To do: Please restate the records that follow exactly, skipping their images.

--- --- ---

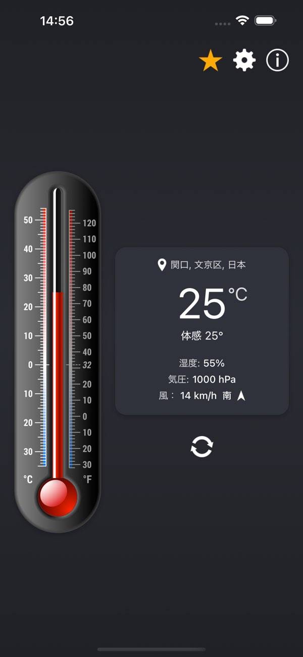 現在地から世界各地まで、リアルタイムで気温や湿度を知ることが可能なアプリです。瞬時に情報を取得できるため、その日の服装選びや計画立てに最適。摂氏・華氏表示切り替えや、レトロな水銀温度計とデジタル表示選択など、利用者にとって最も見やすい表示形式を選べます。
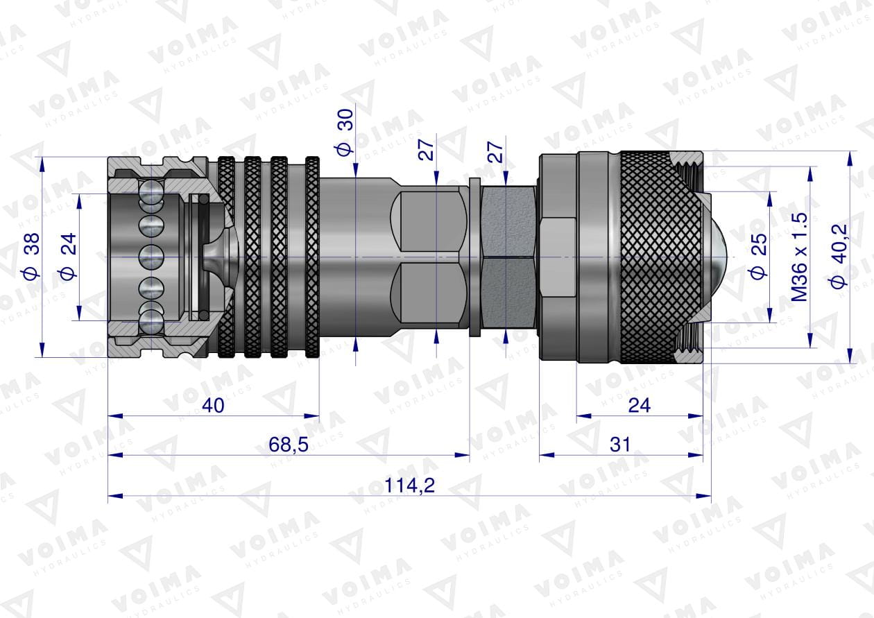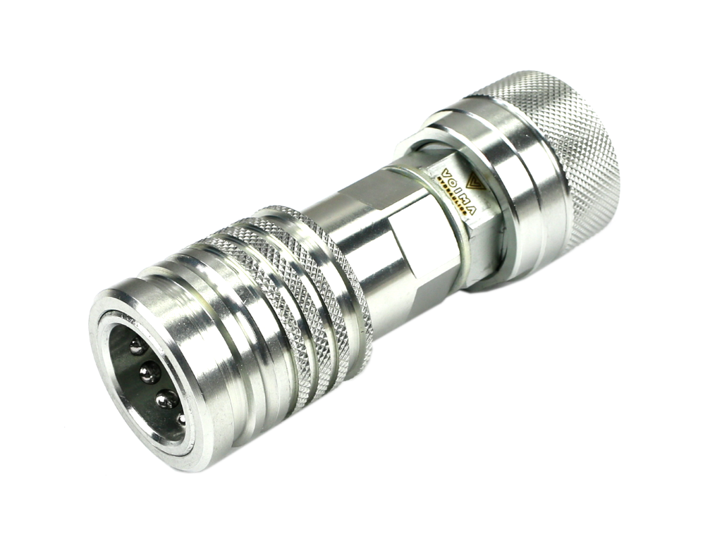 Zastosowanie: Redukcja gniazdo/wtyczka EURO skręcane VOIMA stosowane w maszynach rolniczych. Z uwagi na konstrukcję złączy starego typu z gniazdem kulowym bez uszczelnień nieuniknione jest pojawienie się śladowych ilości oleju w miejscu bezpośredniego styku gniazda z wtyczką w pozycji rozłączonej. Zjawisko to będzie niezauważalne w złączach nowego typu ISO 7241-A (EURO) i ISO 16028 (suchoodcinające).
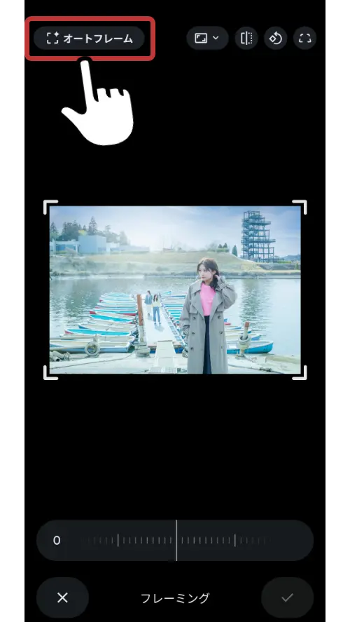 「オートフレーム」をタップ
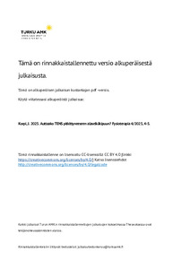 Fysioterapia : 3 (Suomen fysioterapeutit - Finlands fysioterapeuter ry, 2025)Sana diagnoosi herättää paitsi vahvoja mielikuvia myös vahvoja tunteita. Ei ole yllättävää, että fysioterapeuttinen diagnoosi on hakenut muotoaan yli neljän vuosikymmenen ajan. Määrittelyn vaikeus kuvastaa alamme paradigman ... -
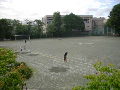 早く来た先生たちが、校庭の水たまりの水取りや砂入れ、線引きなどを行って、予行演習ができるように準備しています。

--- --- ---

Result below:
 現在地から世界各地まで、リアルタイムで気温や湿度を知ることが可能なアプリです。瞬時に情報を取得できるため、その日の服装選びや計画立てに最適。摂氏・華氏表示切り替えや、レトロな水銀温度計とデジタル表示選択など、利用者にとって最も見やすい表示形式を選べます。
 Zastosowanie: Redukcja gniazdo/wtyczka EURO skręcane VOIMA stosowane w maszynach rolniczych. Z uwagi na konstrukcję złączy starego typu z gniazdem kulowym bez uszczelnień nieuniknione jest pojawienie się śladowych ilości oleju w miejscu bezpośredniego styku gniazda z wtyczką w pozycji rozłączonej. Zjawisko to będzie niezauważalne w złączach nowego typu ISO 7241-A (EURO) i ISO 16028 (suchoodcinające).
 「オートフレーム」をタップ
 Fysioterapia : 3 (Suomen fysioterapeutit - Finlands fysioterapeuter ry, 2025)Sana diagnoosi herättää paitsi vahvoja mielikuvia myös vahvoja tunteita. Ei ole yllättävää, että fysioterapeuttinen diagnoosi on hakenut muotoaan yli neljän vuosikymmenen ajan. Määrittelyn vaikeus kuvastaa alamme paradigman ... -
 早く来た先生たちが、校庭の水たまりの水取りや砂入れ、線引きなどを行って、予行演習ができるように準備しています。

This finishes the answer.